Work order: Quote all of the data exactly as given. Skip every picture it contains.

Data block:
===============
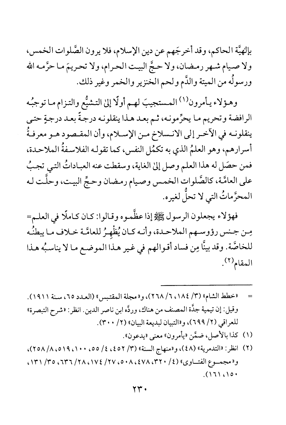 فهؤلاء يجعلون الرسول صلى الله عليه وسلم إذا عظَّموه وقالوا كان كاملًا في العلم مِن جنس رؤوسهم الملاحدة وأنه كان يُظْهِرُ للعامَّة خلاف ما يبطنُه للخاصَّة وقد بينَّا مِن فساد أقوالهم في غير هذا الموضع ما لا يناسبُه هذا المقام 2.
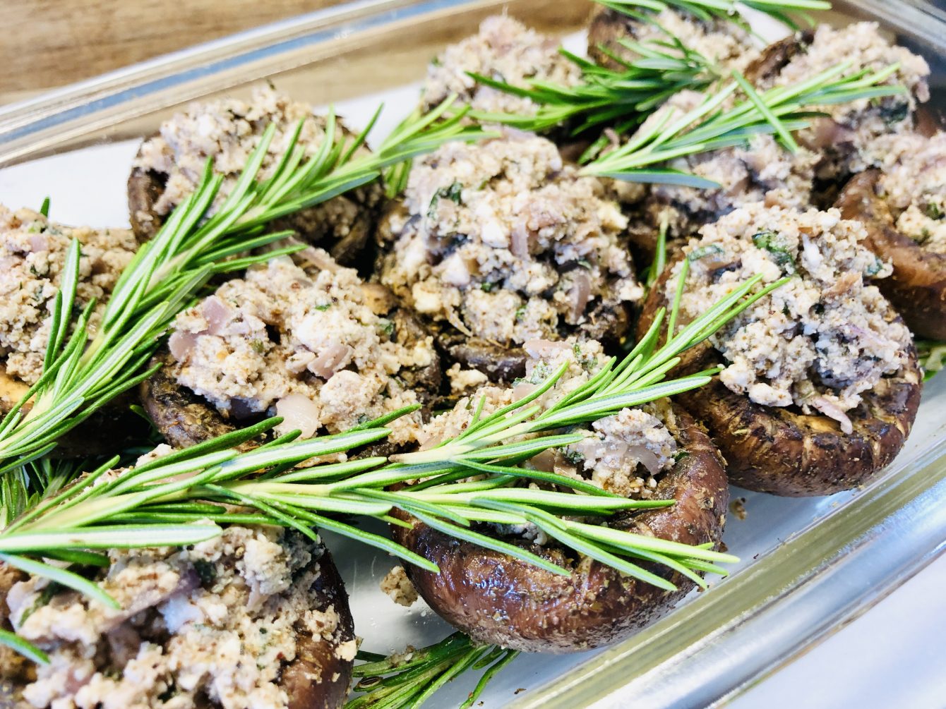 6. Die marinierten Champignons mit den Walnussmus und dem Ziegenkäse füllen und zusammen mit den Rosmarinzweigen in eine feuerfeste Form geben.
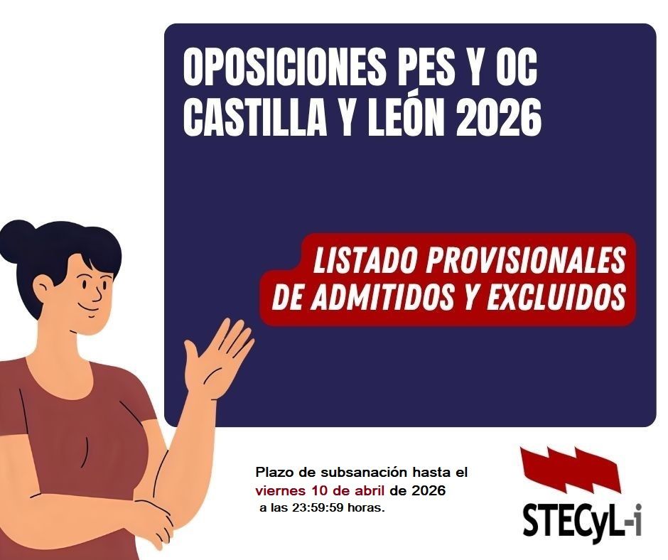Oposiciones 2026 Castilla y León. Secundaria y Otros cuerpos. LISTADO PROVISIONAL PERSONAS ADMITIDAS y/o EXCLUIDAS
===============
Written answer:
 فهؤلاء يجعلون الرسول صلى الله عليه وسلم إذا عظَّموه وقالوا كان كاملًا في العلم مِن جنس رؤوسهم الملاحدة وأنه كان يُظْهِرُ للعامَّة خلاف ما يبطنُه للخاصَّة وقد بينَّا مِن فساد أقوالهم في غير هذا الموضع ما لا يناسبُه هذا المقام 2.
 6. Die marinierten Champignons mit den Walnussmus und dem Ziegenkäse füllen und zusammen mit den Rosmarinzweigen in eine feuerfeste Form geben.
Oposiciones 2026 Castilla y León. Secundaria y Otros cuerpos. LISTADO PROVISIONAL PERSONAS ADMITIDAS y/o EXCLUIDAS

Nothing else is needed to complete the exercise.